Supplied data: Begin

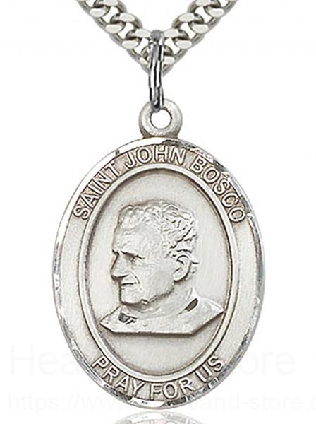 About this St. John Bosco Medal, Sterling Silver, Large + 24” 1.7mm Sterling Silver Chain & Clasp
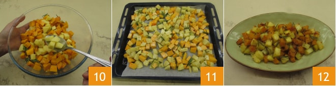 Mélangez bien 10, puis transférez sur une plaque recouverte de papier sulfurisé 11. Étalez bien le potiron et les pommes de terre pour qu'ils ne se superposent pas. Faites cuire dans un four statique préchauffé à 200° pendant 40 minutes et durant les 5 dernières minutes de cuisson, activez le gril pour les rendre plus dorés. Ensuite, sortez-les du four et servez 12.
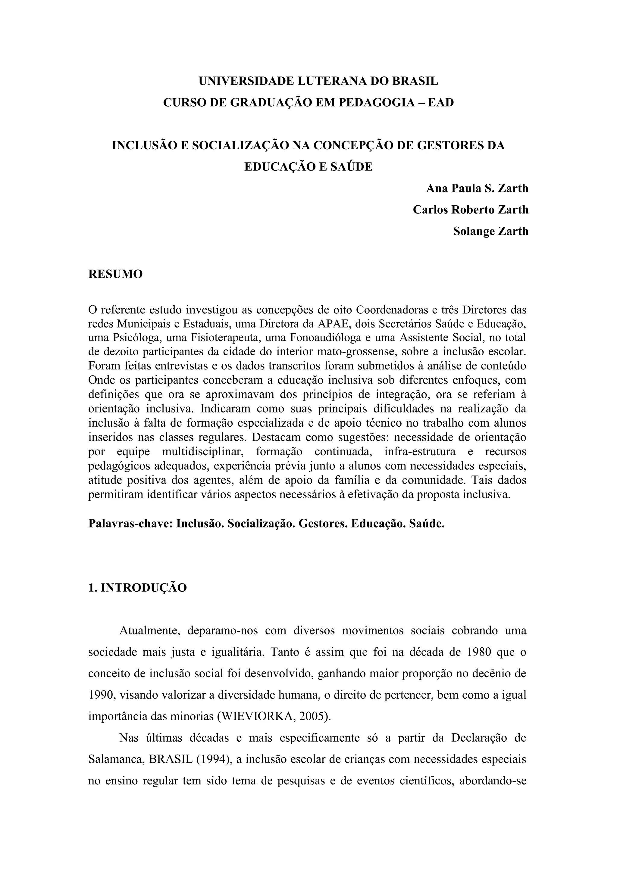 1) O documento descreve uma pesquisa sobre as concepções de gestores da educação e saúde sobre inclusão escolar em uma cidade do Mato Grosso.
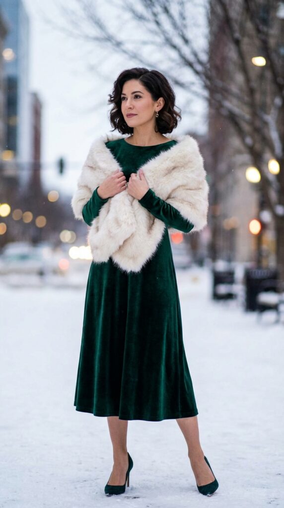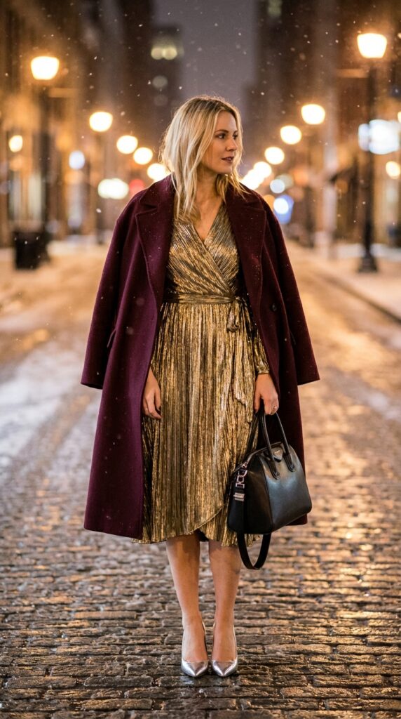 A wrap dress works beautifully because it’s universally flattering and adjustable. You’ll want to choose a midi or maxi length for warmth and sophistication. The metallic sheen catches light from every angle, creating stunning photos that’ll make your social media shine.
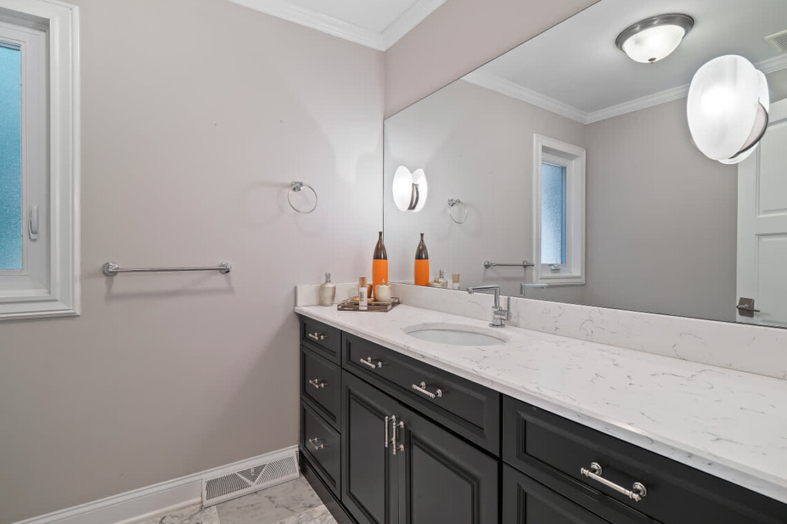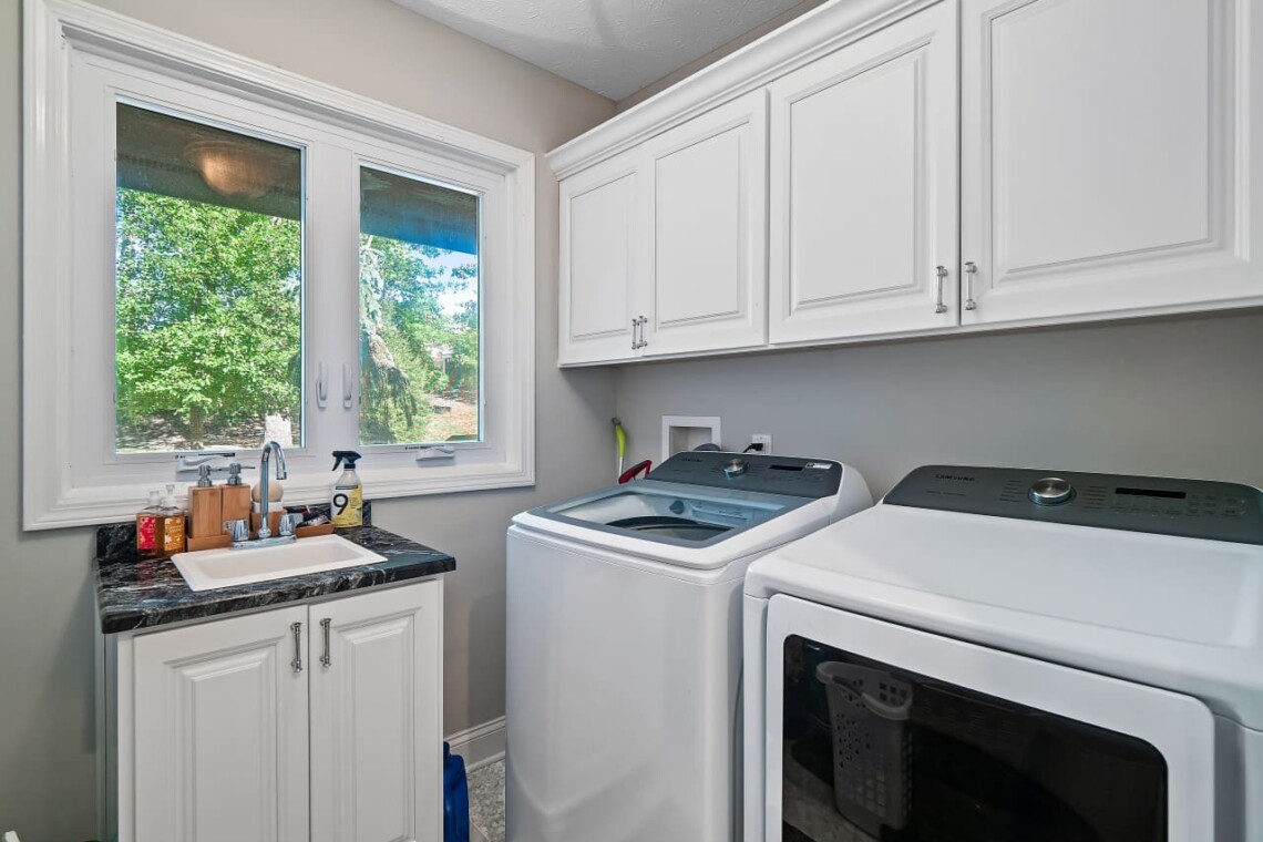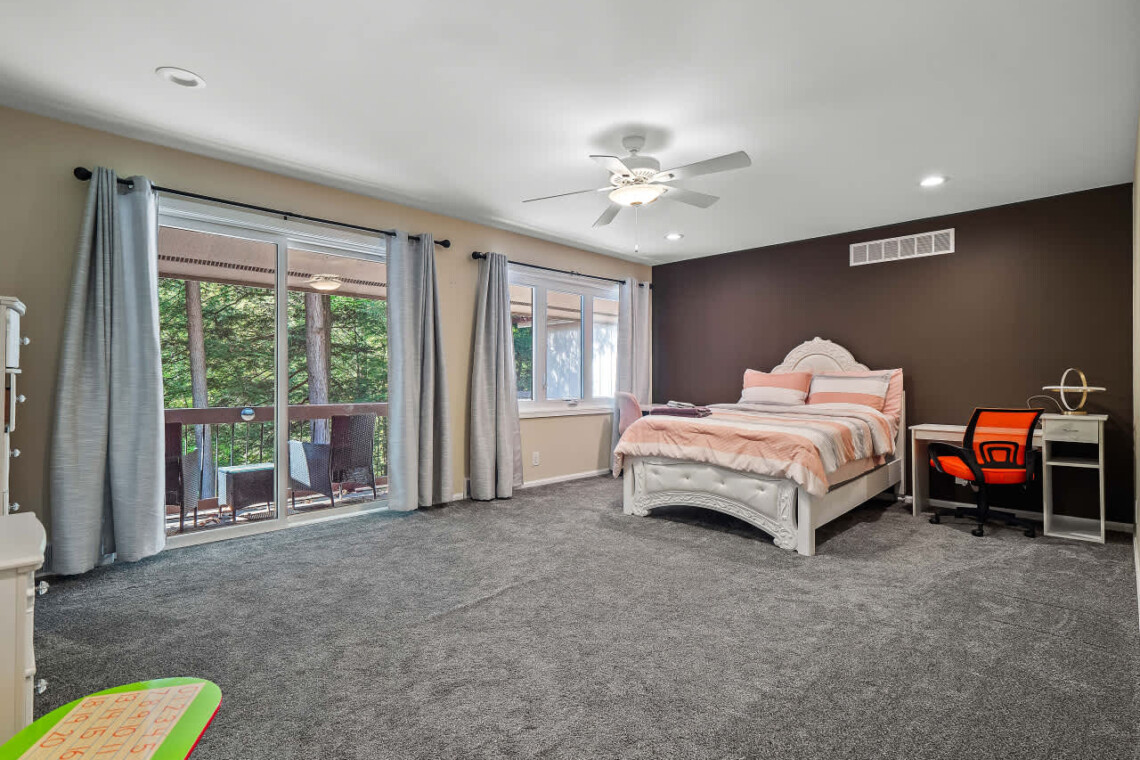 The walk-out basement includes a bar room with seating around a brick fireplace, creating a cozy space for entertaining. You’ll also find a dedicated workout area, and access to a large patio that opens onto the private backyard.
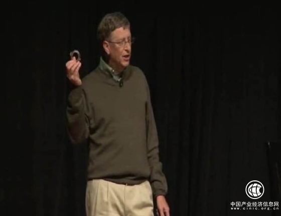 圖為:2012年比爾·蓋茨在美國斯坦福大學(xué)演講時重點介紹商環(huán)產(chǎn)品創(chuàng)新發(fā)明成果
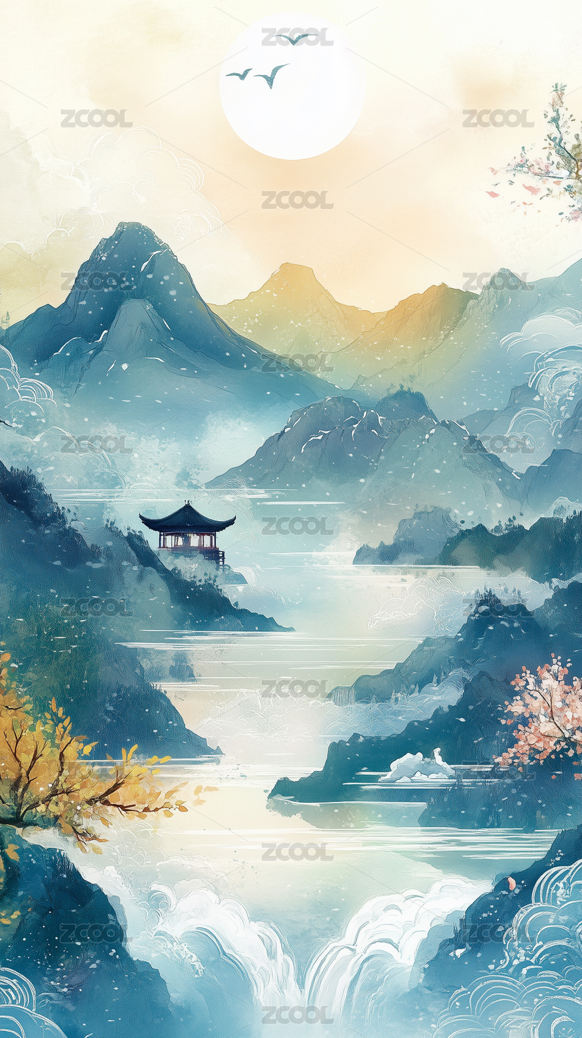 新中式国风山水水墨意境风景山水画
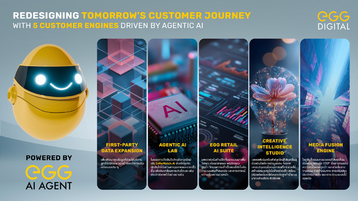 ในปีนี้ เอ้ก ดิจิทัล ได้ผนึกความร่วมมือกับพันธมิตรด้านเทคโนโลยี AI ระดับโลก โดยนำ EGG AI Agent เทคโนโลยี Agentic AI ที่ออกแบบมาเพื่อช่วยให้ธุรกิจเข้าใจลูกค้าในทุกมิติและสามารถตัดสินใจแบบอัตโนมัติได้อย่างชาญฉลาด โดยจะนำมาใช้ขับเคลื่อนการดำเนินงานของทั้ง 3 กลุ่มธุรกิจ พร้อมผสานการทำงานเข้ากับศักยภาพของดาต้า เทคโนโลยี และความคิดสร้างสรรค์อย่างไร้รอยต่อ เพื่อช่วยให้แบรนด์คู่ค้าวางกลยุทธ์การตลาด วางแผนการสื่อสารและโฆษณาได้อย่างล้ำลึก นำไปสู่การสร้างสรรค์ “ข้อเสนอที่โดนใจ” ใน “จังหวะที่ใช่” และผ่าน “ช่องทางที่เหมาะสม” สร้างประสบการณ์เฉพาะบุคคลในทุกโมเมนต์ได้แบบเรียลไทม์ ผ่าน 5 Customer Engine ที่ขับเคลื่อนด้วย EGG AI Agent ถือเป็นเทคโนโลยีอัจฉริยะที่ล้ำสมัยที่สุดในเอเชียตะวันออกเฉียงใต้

Supplied data: End

Directions:
Using the data above, set down each line from the line with "Mélangez bien 10, puis" to the line with "1) O documento" exactly, both ends included, and leave the pictures behind. Nothing else belongs.

Completed exercise:
 Mélangez bien 10, puis transférez sur une plaque recouverte de papier sulfurisé 11. Étalez bien le potiron et les pommes de terre pour qu'ils ne se superposent pas. Faites cuire dans un four statique préchauffé à 200° pendant 40 minutes et durant les 5 dernières minutes de cuisson, activez le gril pour les rendre plus dorés. Ensuite, sortez-les du four et servez 12.
 1) O documento descreve uma pesquisa sobre as concepções de gestores da educação e saúde sobre inclusão escolar em uma cidade do Mato Grosso.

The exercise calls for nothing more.